Nonthermal Ablation Safe, Feasible for Liver Cancer
A novel ablation technique that does not rely on heat or cold is a safe and feasible way to target malignant liver lesions that are difficult to ablate because of their proximity to major arteries and veins, according to new research.
"Other ablation techniques, including radiofrequency ablation, use either heat or cold to destroy malignant lesions," Philippe Wiggermann, MD, from the University of Regensburg in Germany, told Medscape Medical News.
"If you use conventional ablation, you have this 'heat sink' effect and you risk destroying larger vessels if the lesions are close to an artery or portal vein. However, with percutaneous irreversible electroporation, strong electrical pulses cause permanent disruption of the cell membrane, and the ablated tissue dies without causing collateral damage," Dr. Wiggermann explained.
His team used percutaneous irreversible electroporation to treat 28 liver tumors not suitable for conventional therapy or located in an area not amenable for radiofrequency ablation.
Dr. Wiggermann presented the results at the American Roentgen Ray Society 2013 Annual Meeting in Washington, DC.
"Patients must be treated under general anesthesia and given neuromuscular blockade," Dr. Wiggermann pointed out. "Otherwise, the strength of the electrical impulse (3000 volts) would cause all of the muscles in the body to contract at the same time."
Electrocardiographic gating is essential to synchronize the delivery of the electric impulses with contractions of the heart. As is the case with other ablation procedures, electrodes are placed percutaneously in the target liver lesion using computed tomography (CT) and ultrasound guidance.
We can redo these lesions as many times as we want, so as soon as we realize any viable tumor remains, we can repeat the procedure.
Of the 28 malignant liver lesions treated by the team so far, complete ablation of viable tumor tissue was achieved in 21 tumors. Complete ablation was documented with contrast-enhanced ultrasound, CT, and magnetic resonance imaging 24 hours after the intervention.
"We can redo these lesions as many times as we want, so as soon as we realize any viable tumor remains, we can repeat the procedure," Dr. Wiggermann said.
In their small series to date, there have been 4 adverse events: 1 minor pneumothorax, 2 partial thromboses of the left portal vein, and 1 postanesthetic upper plexus palsy.

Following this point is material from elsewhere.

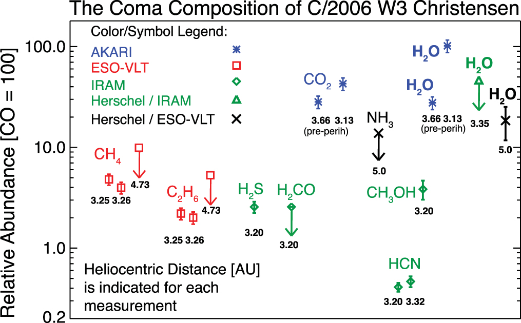 Figure 6. Abundances of species detected in comet C/2003 W3 (Christensen) relative to carbon monoxide based on de Val-Borro et al. (2014), Bockelée-Morvan et al. (2010), Ootsubo et al. (2012), and this work. Measurements from different observatories are marked according to the color/symbol legend in the top left corner of the figure and are explained in the main text (Section 6.2). Heliocentric distance is marked below each individual relative abundance. Unless explicitly indicated, abundances pertain to post-perihelion.

"We've also treated lesions in the prostate and the kidney, as well as large sarcomas with palliative intent," Dr. Wiggermann noted. "So this technique broadens the spectrum of where you can do ablation safely for local tumor treatment. From the patients' perspective, it's really a minimally invasive approach."
Irreversible electroporation represents an early novel therapy for the treatment of unresectable liver tumors that are in close proximity (1 cm or less) to vital vascular and biliary structures, said Robert Martin II, MD, from the University of Louisville in Kentucky, who was asked by Medscape Medical News to comment on the study.
"In the appropriate technical hands, it is both a safe and an effective therapy for lesions 3 cm or less in size, with excellent completion ablation results," Dr. Martin said. However, he cautioned that continued quality assurance is necessary to make sure that the procedure achieves an ablation efficacy rate in excess of 95% and a recurrent need for ablation of less than 7% to ensure that its use remains both appropriate and effective.